Moreover, we identified a unique niche in Turkey, specifically involving buildings where apartment owners are foreigners. Often, in such cases, management companies struggle with fair tariff and service practices. Our E-knot platform has the potential to assist these owners in coming together and managing their buildings from various countries. We’ve already started working on this solution, and we anticipate revisiting it next year.

— Does the unique nature of each country’s specifics make scaling your service a challenging endeavor?

— When it comes to the model of uniting residents and facilitating their voting in compliance with local legislation, selling the application directly from Kazakhstan to Turkey is indeed an almost impossible task. There are legal complexities, language barriers, differences in mentality, and other factors at play. This type of project necessitates the involvement of a local company that operates within that specific area and understands its intricacies.

On the other hand, if we’re discussing the automation and digitalization of the operations of management companies (including dispatcher services and employee oversight), we don’t foresee significant barriers, aside from the need to adapt the interface and application to the local context.

— Have you considered the possibility of expanding your project to the USA or a similar country where property value is highly recognized? Could it potentially be easier to develop the project there compared to post-Soviet countries?

— Certainly, we can acknowledge the challenges here and think about going to more favorable markets, but there’s also a sense of patriotism and recognition that we should establish our presence here first before expanding into other markets.

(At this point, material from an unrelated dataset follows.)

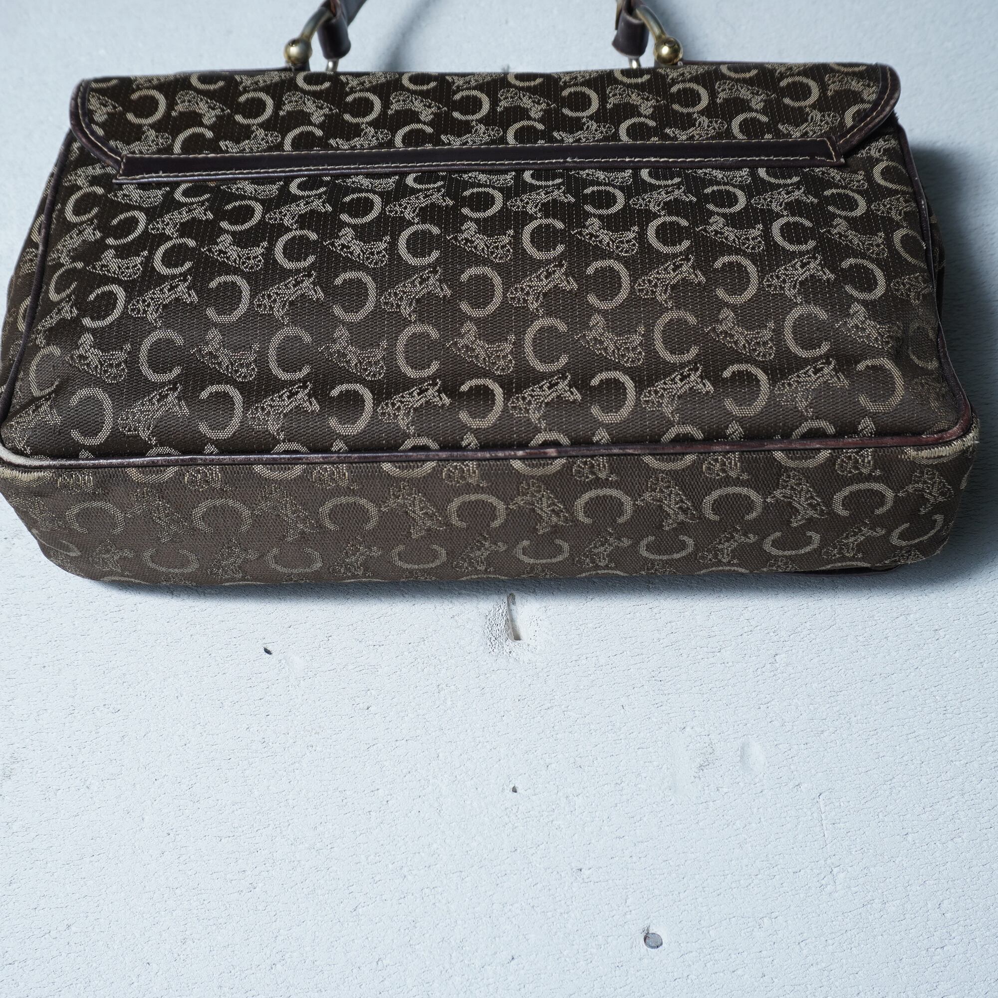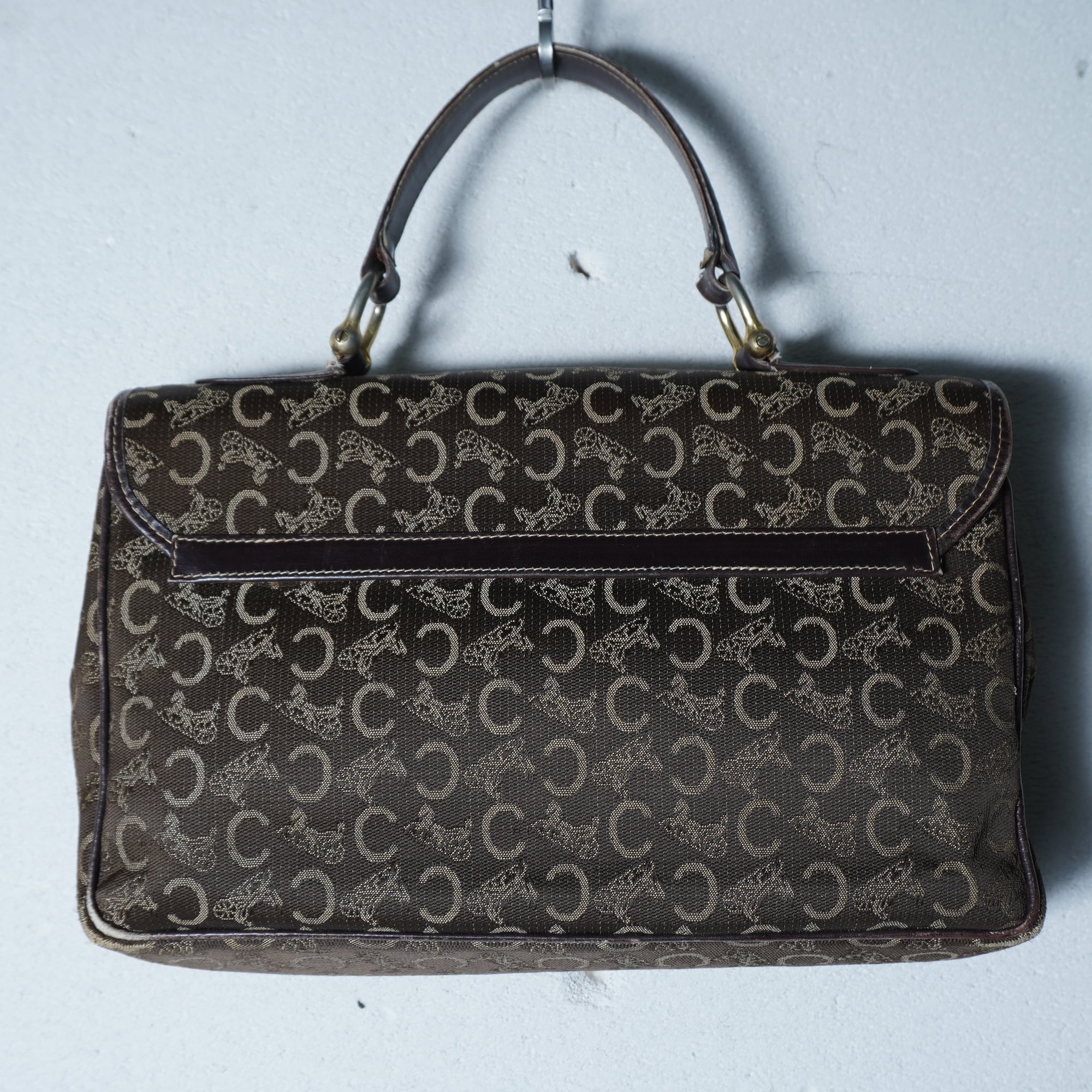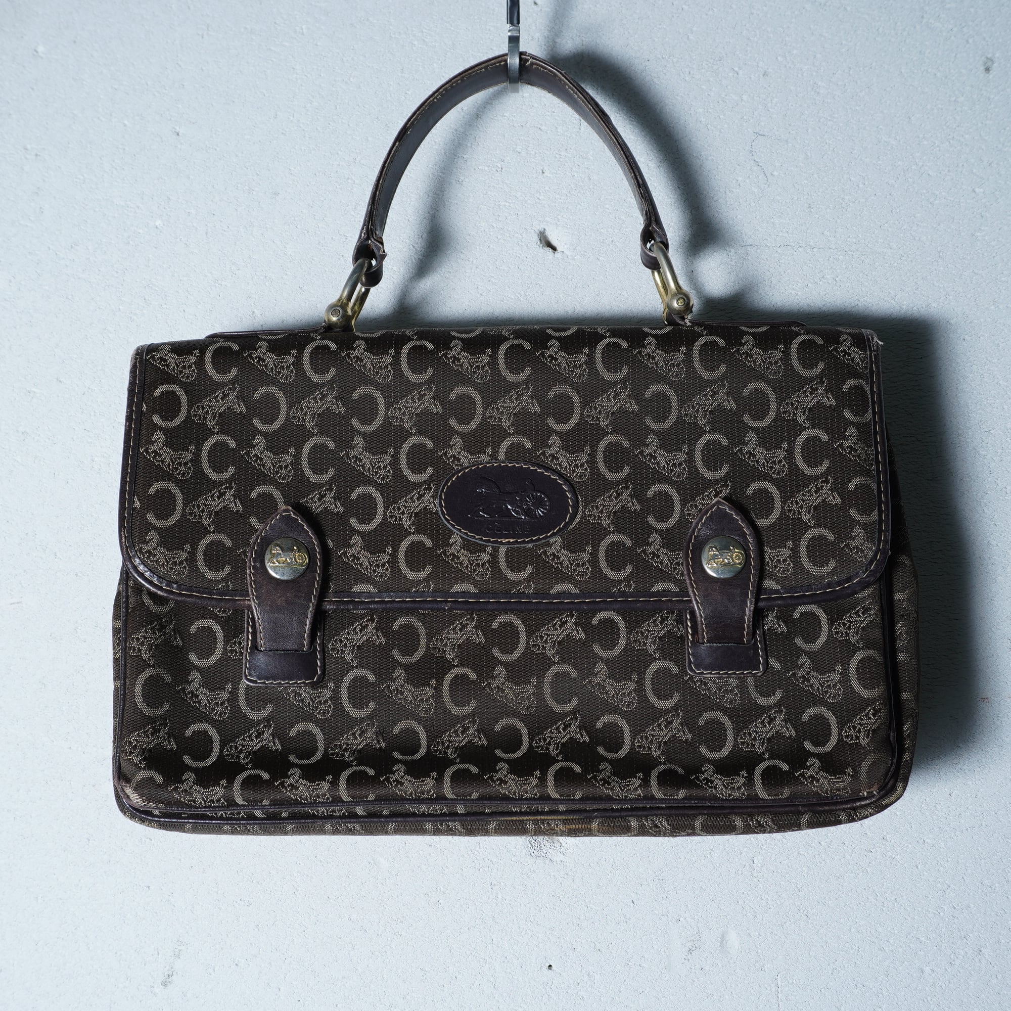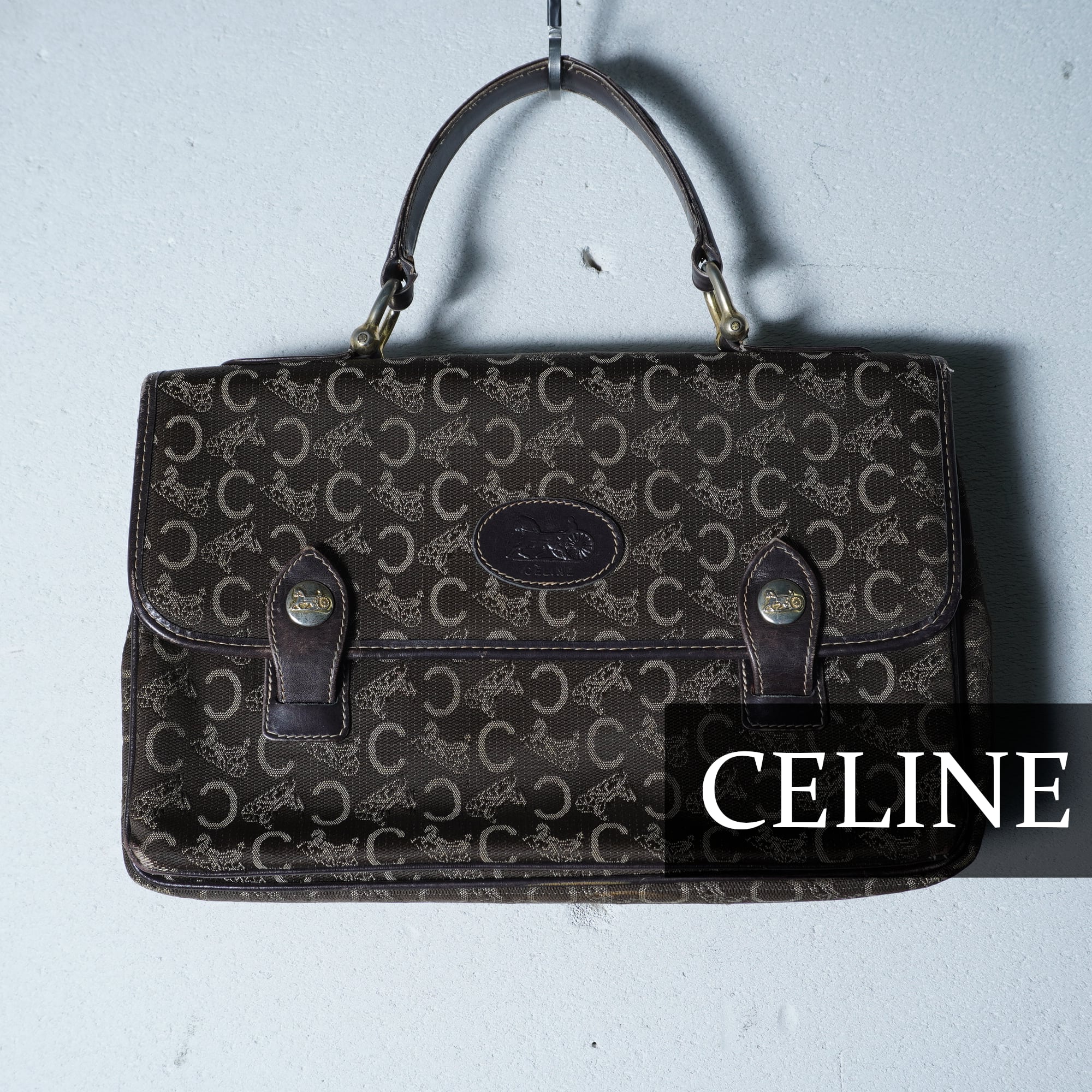 【CELINE】セリーヌ 馬車・Cロゴ総柄レザー切替ハンドバッグ brown

We’ve mastered the art of working with the inertia of our people, knowing how to rouse them, and we’ve begun generating revenue from this approach. The current market in Kazakhstan and neighboring countries provides a stable foundation for the project. Once we’ve solidified our position here, we can contemplate expansion to countries like the USA.

While Kazakhstan presents its fair share of obstacles, overcoming them will make us stronger and significantly more efficient.